Cannabis for mental illness

GrowRock

Well-Known Member
Ignorant assholes crack me up. Express your useless info some where else. Come back to the adult conversation when your balls drop!! Waste of skin
 

Yessica...

Well-Known Member
Geez I blinked...what happened.
We are talking about mental illness, and treating it with MMJ.

Why - is there something else going on?

I have adapted the ability to ignore people that are only looking to get a reaction. Can't even see 'em anymore.

It's like the same dinks that picket gay funerals in the US of A. Self-Loathing.

Some dude, who is clearly a self-hating crazy person, and possible sociopath, just saying some shit to try to get a rise out of us.
 

Yessica...

Well-Known Member
Here's some more - because I like it here.

Sativa - I had never actually had any experience with before a couple months ago. I really like it - but I can't smoke it after 5pm, and sometimes I only smoke it in the morning - it keeps me awake

Hybrid - is good for me during the day. I can function well, my head is clear, and I don't feel TOO hyper, like the sativa sometimes makes me. It doesn't make me tired, and I need help with sleep, so I usually don't smoke this past 8pm at night.

Indica - excellent for bedtime, but I can't smoke it before then. It calms me, helps me relax, but there is sometimes a bit of a mental "fuzz" I get with it, so I reserve this for night time.

TOLERANCE:

I still don't need very much of the dried bud in order to feel the effects. If I was just treating my illness, and not smoking MMJ recreationally, I would probably go through about a gram a day. I could get by with less I'm sure - especially when I get a vaporizer and then only cook with the PVB.

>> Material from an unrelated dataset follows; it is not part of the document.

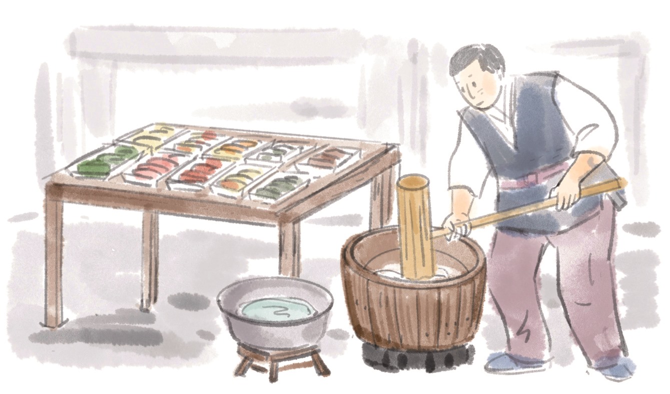我买了打糕,边吃边站在一旁看店铺里的匠人们捶糯米团,他们抡着木槌打糯米团的声音“哐当哐当”此起彼伏。为了尊重食材本身的味道,制作者们不以外力干预增加保存期,所以打糕没有添加剂和防腐剂,现做现吃,保质期在常温下只有一到两天。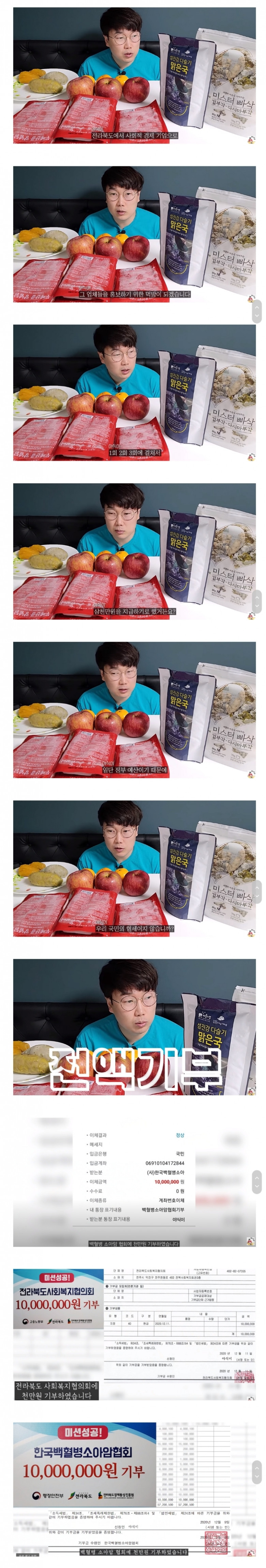 세상의밖야식이 저분은 평소에도 기부 많이 하던데

I have smoked since 1994. It doesn't matter how often or how many times I have smoked in the past. Even now, if I was to take a month off, I am sure I would experience some negative side effects if I started back up again.

The last time I smoked weed when I was going through a very depressed time - was Christmas of 2013. I FREAKED OUT!!! Not visibly, because I am just the BEST at hiding how I feel at a given moment in time. But - I was FREAKING OUT. Dry eyes and mouth, paranoia, relentless negative thoughts. It wasn't fun.

I don't think I have felt like that, on MMJ - SINCE then.